A few months ago she wasn’t that bad. Aside from insisting that my grandfather (who died ten years ago) was sitting only a few chairs away, and telling us about her recent trip to Boston (she’s not allowed the leave the facility because of her failing mental condition), she was able to carry on more-or-less normal conversation. During this visit, though, she keeps referring to my mom’s new baby (my little brother, my only sibling, turns 16 this year) and asking me all sorts of questions about the sister I don’t have.

“Your sister, is she working now, or… ?”

“I don’t have a sister, Auntie.”

“Oh, you don’t? … So how’s the baby? He’s cute, huh?”

“What baby, Auntie?”

“Your mother’s.”

“My mom doesn’t have a baby. Matt is almost 16. He’s bigger than I am, now.”

“You sure? So how’s your sister doing?”

And so the conversation works itself in this tiny circle – intermittently interrupted by comments about the squirrels running circles of their own in the courtyard – for the better part of an hour.

When she wasn’t asking me about my sister, my aunt Christine was telling me how she’s been disappointed that she hasn’t been able to go to school for the last few days. “Joyce – you know Joyce, she lives up the hill from me – she goes to high school with me, and I know she wishes I could go, too, but I can’t.”

My aunt explains that first she was sick, and now her mother is sick and she has to stay home to take care of her, and now her grandmother is getting sick, too. Of course, my great aunt isn’t in high school anymore, and neither is Joyce (if Joyce, whom I’ve never met or even heard of before, is even still alive). Her mother and grandmother both passed away years ago. For some reason her brain is stuck on this period of time back when she was a teenager.

Since her coma, it’s not uncommon for her to jump back and forth between the past and the present, but I’ve never seen her stay in the past with such determination before. I still can’t decide if she thought my brother was still a baby because her mind was fixated on a different time and place, or if she simply didn’t know who I was and confused me with someone else.

And even if I did know which of the two it was, would it even matter? Is there anything I could have said or done differently? I don’t think so. A degeneration of brain function is perhaps the cruelest way to lose someone you care about. You don’t have the option of mourning them in one big emotional experience. Instead you’re forced watch them slowly slip away.

First they don’t remember where they are. Then they’ll recognize you, but forget your name or how they know you. The last (and I imagine most painful) step of the process is that they forget who you are entirely. To see someone you love not even realize that they know you must be, at its very best, crushing.

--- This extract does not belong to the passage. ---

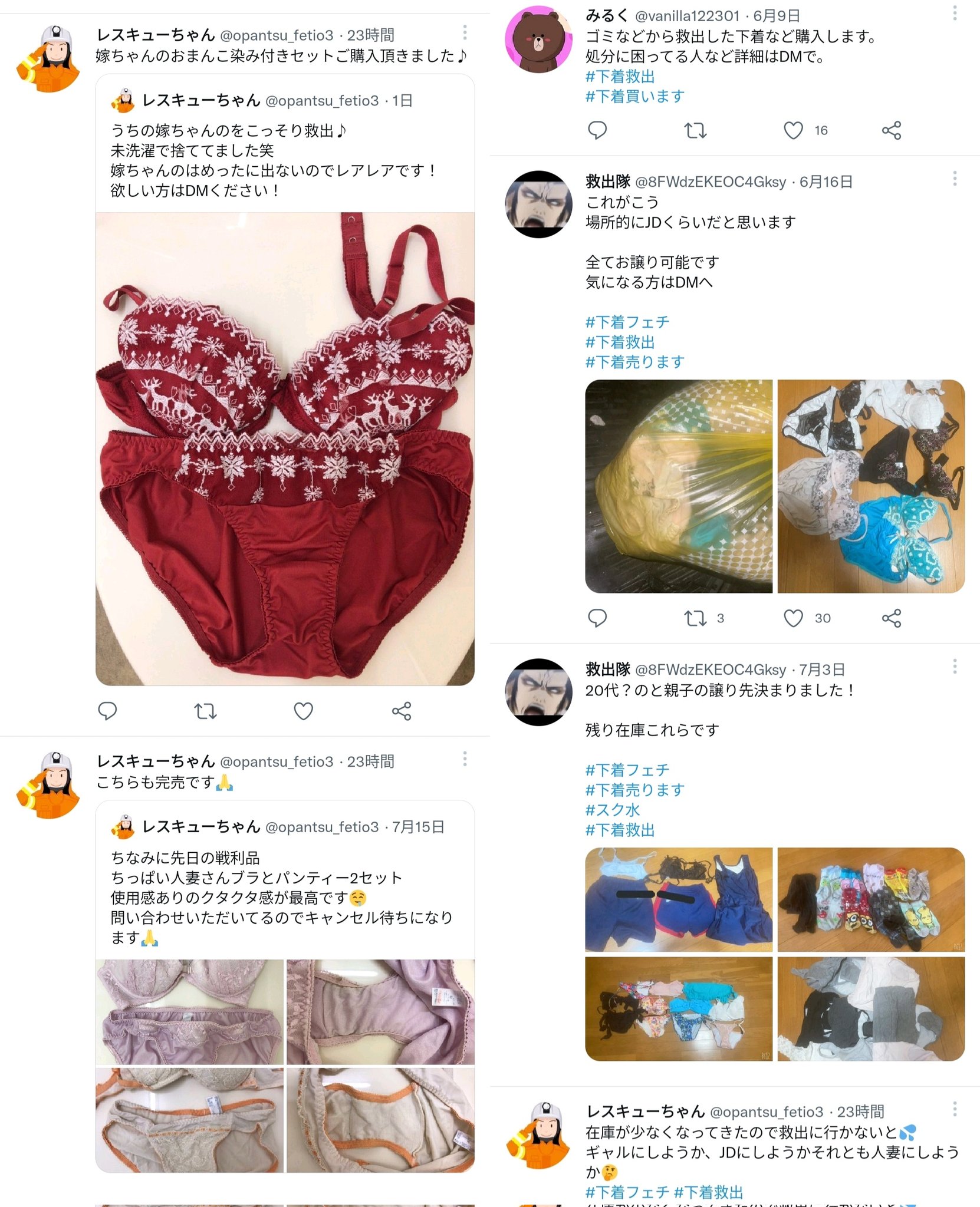 ลักษณะของคนกลุ่มนี้คือ พวกเขาจะไปหาเก็บชุดชั้นในเก่าที่ถูกทิ้งตามที่ทิ้งขยะ จากนั้นก็เอามารีเซลให้คนที่ต้องการ ด้วยการโพสต์ลงบนทวิตเตอร์ ใครที่สนใจจะซื้อก็ต้องส่งข้อความ DM ไปหา

While a quick Google search yielded me no information to prove it, I can’t help but feel that her time in a nursing home has worsened her condition. This is not to say that she would be better off at home – there would be no one there to watch her – but the environment there isn’t really conducive to keeping one’s whits intact. Conversation among patients is minimal – remember, all the folks in her wing suffer from some sort of mental debilitation.

And while we visit as often as we can, my aunt spends an inordinate amount of time doing absolutely nothing. In addition to not really talking to the other patients there, she’s not allowed to leave, or even to step outside. She doesn’t like to watch TV and she doesn’t read. With a brain that’s already working below capacity, I can’t help but believe that living in such an unstimulating environment only makes things worse.

This all brings us to a bigger problem, though. All of the people who live with Auntie Christine are more or less in the same boat. They sit around doing nothing all day. If they talk to each other, it’s short, though seldom sweet. Some of them never get visitors. They’re physically restrained by the walls of the nursing home, but it’s really their minds that enslave them.

Last time I saw my mom, I made her a promise: “Mom, I will never put you or dad in a nursing home.” We may drive each other crazy sometimes, but she’ll come live with me.